(Stored entries)
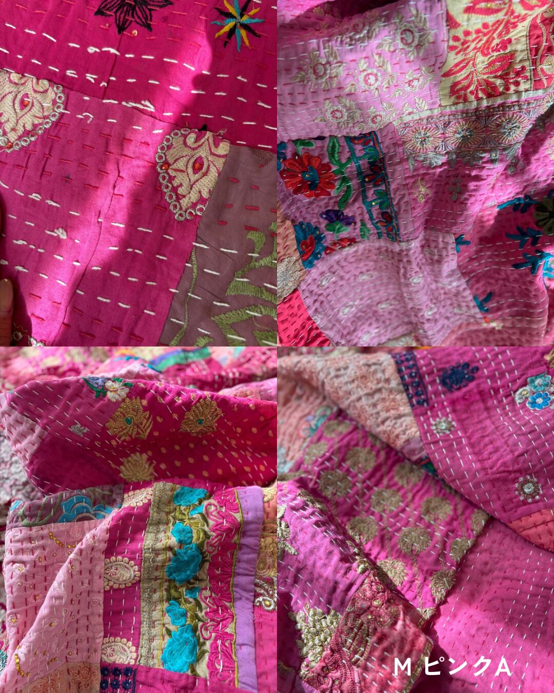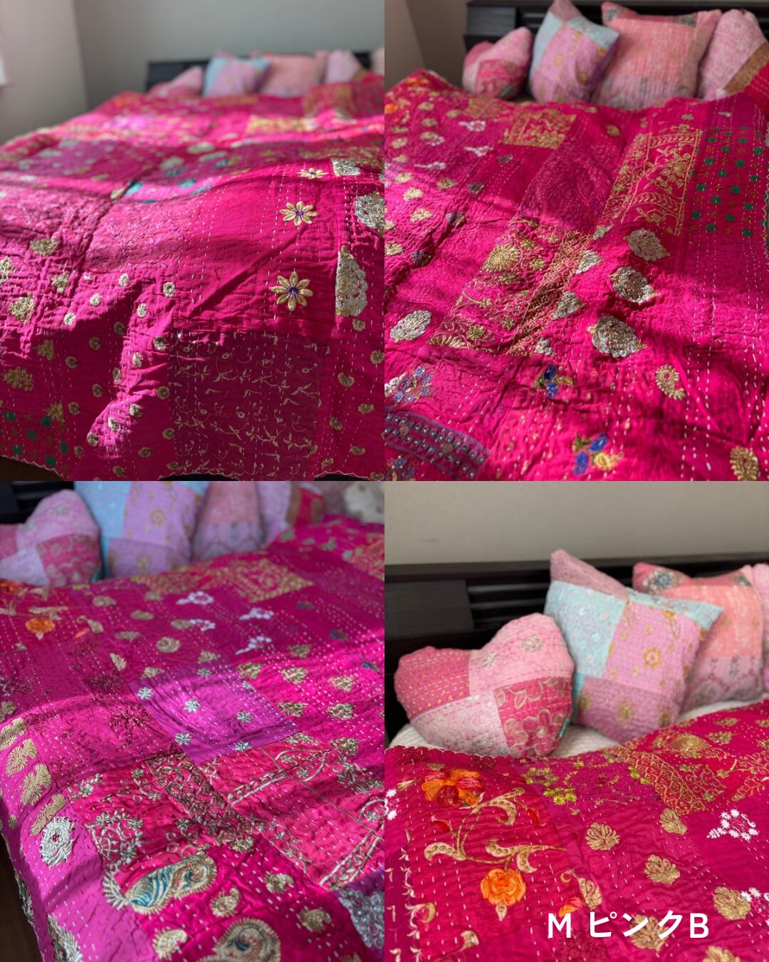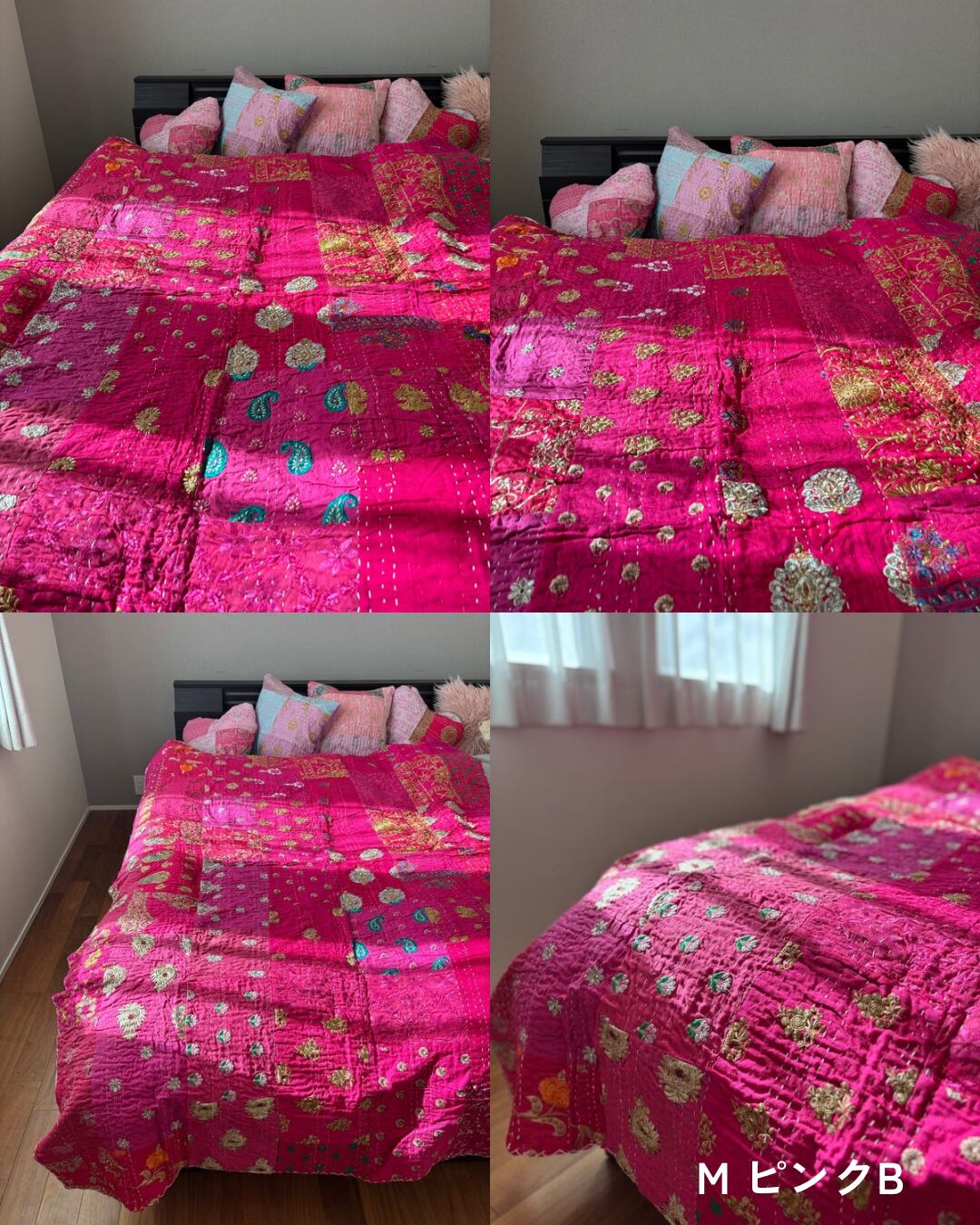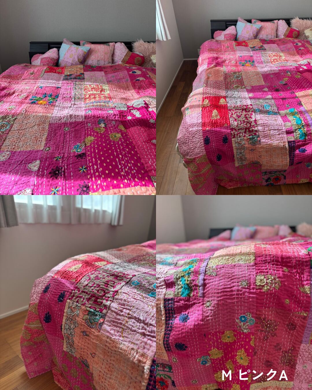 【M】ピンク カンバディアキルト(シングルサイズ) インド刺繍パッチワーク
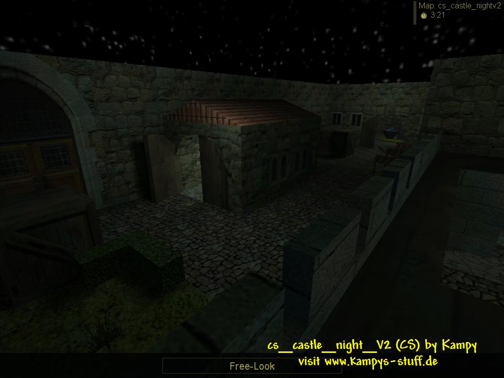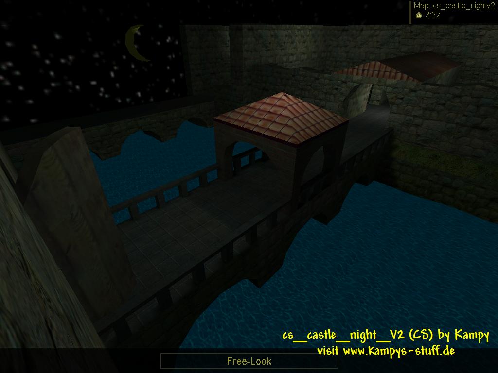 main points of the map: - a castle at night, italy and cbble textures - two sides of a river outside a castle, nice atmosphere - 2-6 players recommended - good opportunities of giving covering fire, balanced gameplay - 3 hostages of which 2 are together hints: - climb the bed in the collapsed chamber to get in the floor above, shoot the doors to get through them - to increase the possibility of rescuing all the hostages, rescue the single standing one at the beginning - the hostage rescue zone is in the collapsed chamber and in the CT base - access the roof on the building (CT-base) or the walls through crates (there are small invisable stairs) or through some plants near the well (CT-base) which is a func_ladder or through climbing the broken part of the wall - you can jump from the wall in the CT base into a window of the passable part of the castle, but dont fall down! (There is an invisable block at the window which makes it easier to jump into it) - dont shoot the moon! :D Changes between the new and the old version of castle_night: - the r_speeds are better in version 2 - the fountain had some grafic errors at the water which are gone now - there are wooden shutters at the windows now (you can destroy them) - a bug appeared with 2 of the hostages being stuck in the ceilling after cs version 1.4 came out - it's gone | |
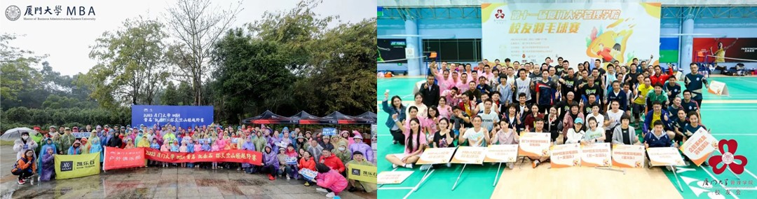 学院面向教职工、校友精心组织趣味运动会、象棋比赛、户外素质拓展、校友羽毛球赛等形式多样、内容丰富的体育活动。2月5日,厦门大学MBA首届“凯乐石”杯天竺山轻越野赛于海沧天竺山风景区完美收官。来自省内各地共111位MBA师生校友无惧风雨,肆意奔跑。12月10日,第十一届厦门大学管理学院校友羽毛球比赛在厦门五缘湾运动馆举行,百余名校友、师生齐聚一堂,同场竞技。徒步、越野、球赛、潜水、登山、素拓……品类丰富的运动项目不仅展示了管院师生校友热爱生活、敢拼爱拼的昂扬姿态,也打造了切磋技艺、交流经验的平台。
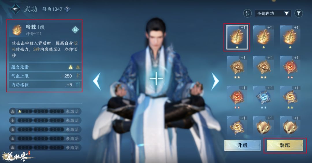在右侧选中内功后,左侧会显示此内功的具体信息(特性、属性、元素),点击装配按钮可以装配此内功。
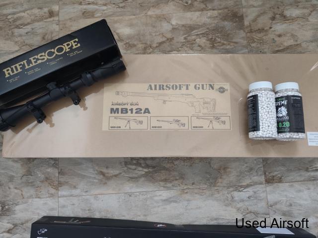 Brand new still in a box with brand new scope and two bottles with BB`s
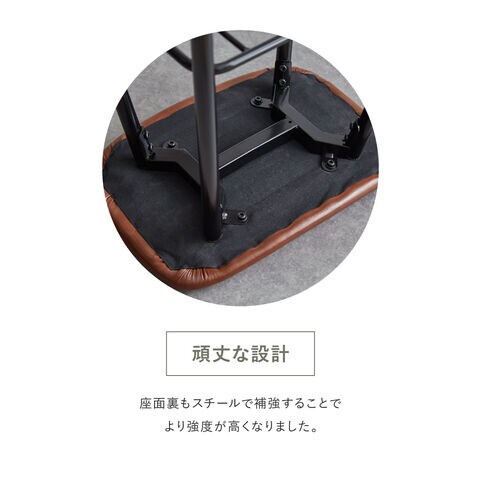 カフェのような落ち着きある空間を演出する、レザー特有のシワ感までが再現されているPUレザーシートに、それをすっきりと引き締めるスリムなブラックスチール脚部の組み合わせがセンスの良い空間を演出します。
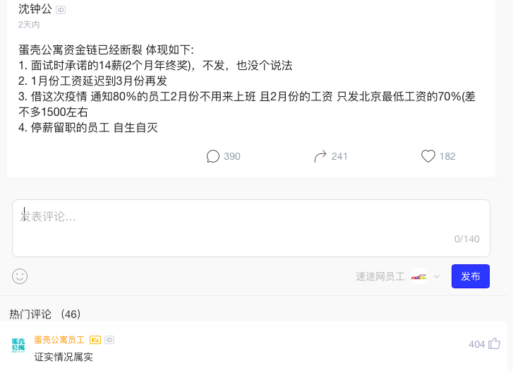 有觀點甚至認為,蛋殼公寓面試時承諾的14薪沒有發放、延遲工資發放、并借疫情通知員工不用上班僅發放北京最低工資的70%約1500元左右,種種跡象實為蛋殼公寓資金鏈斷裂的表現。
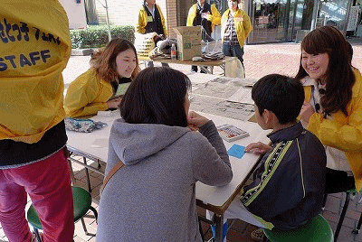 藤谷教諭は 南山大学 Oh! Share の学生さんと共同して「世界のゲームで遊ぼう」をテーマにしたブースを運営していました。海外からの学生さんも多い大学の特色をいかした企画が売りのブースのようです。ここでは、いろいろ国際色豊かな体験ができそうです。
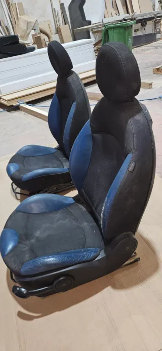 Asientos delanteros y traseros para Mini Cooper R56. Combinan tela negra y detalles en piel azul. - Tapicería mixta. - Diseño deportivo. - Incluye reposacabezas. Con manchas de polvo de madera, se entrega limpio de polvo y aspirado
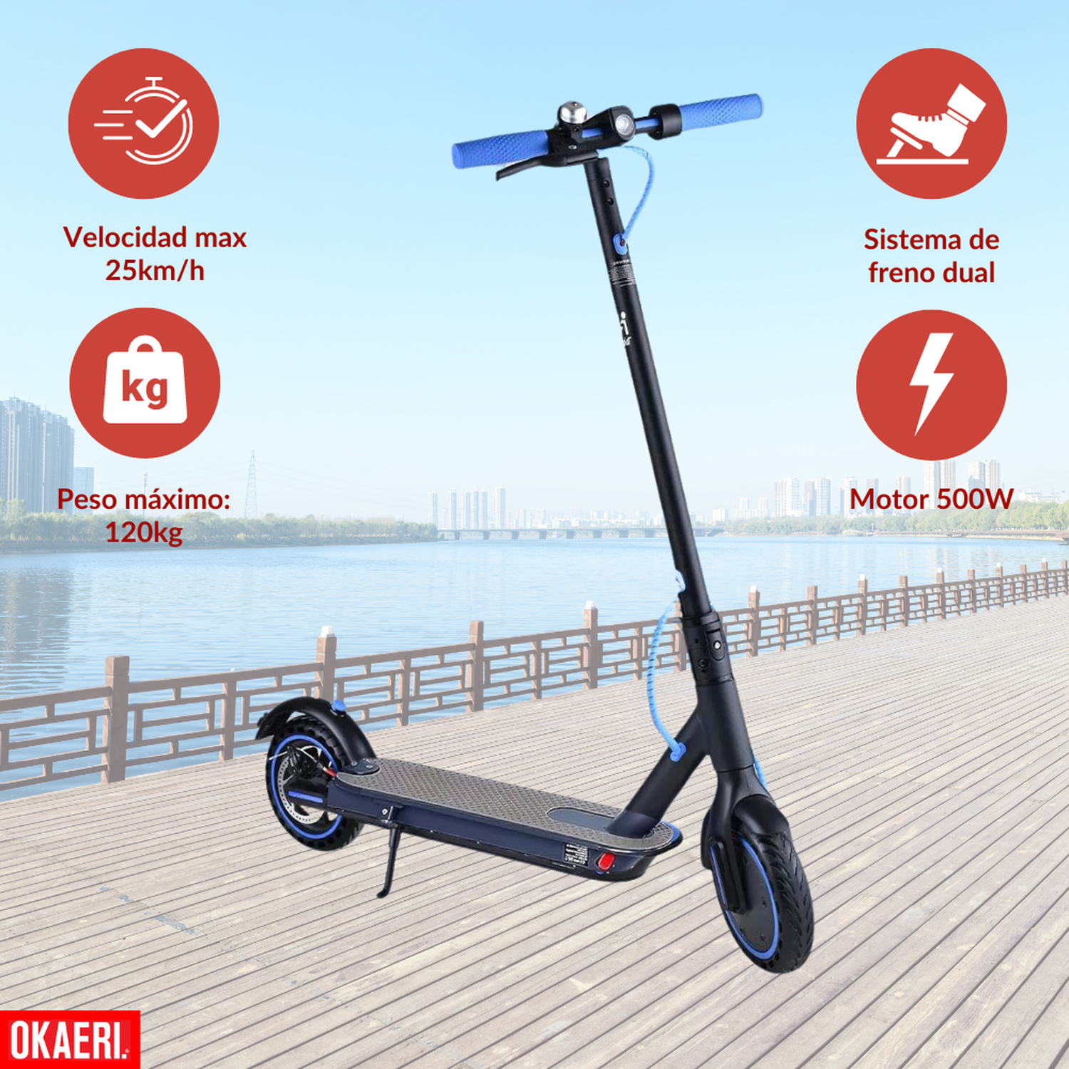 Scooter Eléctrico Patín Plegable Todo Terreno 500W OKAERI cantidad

## Problem description
Reprint the entries above exactly, images removed.

## Solution
 【M】ピンク カンバディアキルト(シングルサイズ) インド刺繍パッチワーク
 main points of the map: - a castle at night, italy and cbble textures - two sides of a river outside a castle, nice atmosphere - 2-6 players recommended - good opportunities of giving covering fire, balanced gameplay - 3 hostages of which 2 are together hints: - climb the bed in the collapsed chamber to get in the floor above, shoot the doors to get through them - to increase the possibility of rescuing all the hostages, rescue the single standing one at the beginning - the hostage rescue zone is in the collapsed chamber and in the CT base - access the roof on the building (CT-base) or the walls through crates (there are small invisable stairs) or through some plants near the well (CT-base) which is a func_ladder or through climbing the broken part of the wall - you can jump from the wall in the CT base into a window of the passable part of the castle, but dont fall down! (There is an invisable block at the window which makes it easier to jump into it) - dont shoot the moon! :D Changes between the new and the old version of castle_night: - the r_speeds are better in version 2 - the fountain had some grafic errors at the water which are gone now - there are wooden shutters at the windows now (you can destroy them) - a bug appeared with 2 of the hostages being stuck in the ceilling after cs version 1.4 came out - it's gone | |
 学院面向教职工、校友精心组织趣味运动会、象棋比赛、户外素质拓展、校友羽毛球赛等形式多样、内容丰富的体育活动。2月5日,厦门大学MBA首届“凯乐石”杯天竺山轻越野赛于海沧天竺山风景区完美收官。来自省内各地共111位MBA师生校友无惧风雨,肆意奔跑。12月10日,第十一届厦门大学管理学院校友羽毛球比赛在厦门五缘湾运动馆举行,百余名校友、师生齐聚一堂,同场竞技。徒步、越野、球赛、潜水、登山、素拓……品类丰富的运动项目不仅展示了管院师生校友热爱生活、敢拼爱拼的昂扬姿态,也打造了切磋技艺、交流经验的平台。
在右侧选中内功后,左侧会显示此内功的具体信息(特性、属性、元素),点击装配按钮可以装配此内功。
 Brand new still in a box with brand new scope and two bottles with BB`s
 カフェのような落ち着きある空間を演出する、レザー特有のシワ感までが再現されているPUレザーシートに、それをすっきりと引き締めるスリムなブラックスチール脚部の組み合わせがセンスの良い空間を演出します。
 有觀點甚至認為,蛋殼公寓面試時承諾的14薪沒有發放、延遲工資發放、并借疫情通知員工不用上班僅發放北京最低工資的70%約1500元左右,種種跡象實為蛋殼公寓資金鏈斷裂的表現。
 藤谷教諭は 南山大学 Oh! Share の学生さんと共同して「世界のゲームで遊ぼう」をテーマにしたブースを運営していました。海外からの学生さんも多い大学の特色をいかした企画が売りのブースのようです。ここでは、いろいろ国際色豊かな体験ができそうです。
 Asientos delanteros y traseros para Mini Cooper R56. Combinan tela negra y detalles en piel azul. - Tapicería mixta. - Diseño deportivo. - Incluye reposacabezas. Con manchas de polvo de madera, se entrega limpio de polvo y aspirado
 Scooter Eléctrico Patín Plegable Todo Terreno 500W OKAERI cantidad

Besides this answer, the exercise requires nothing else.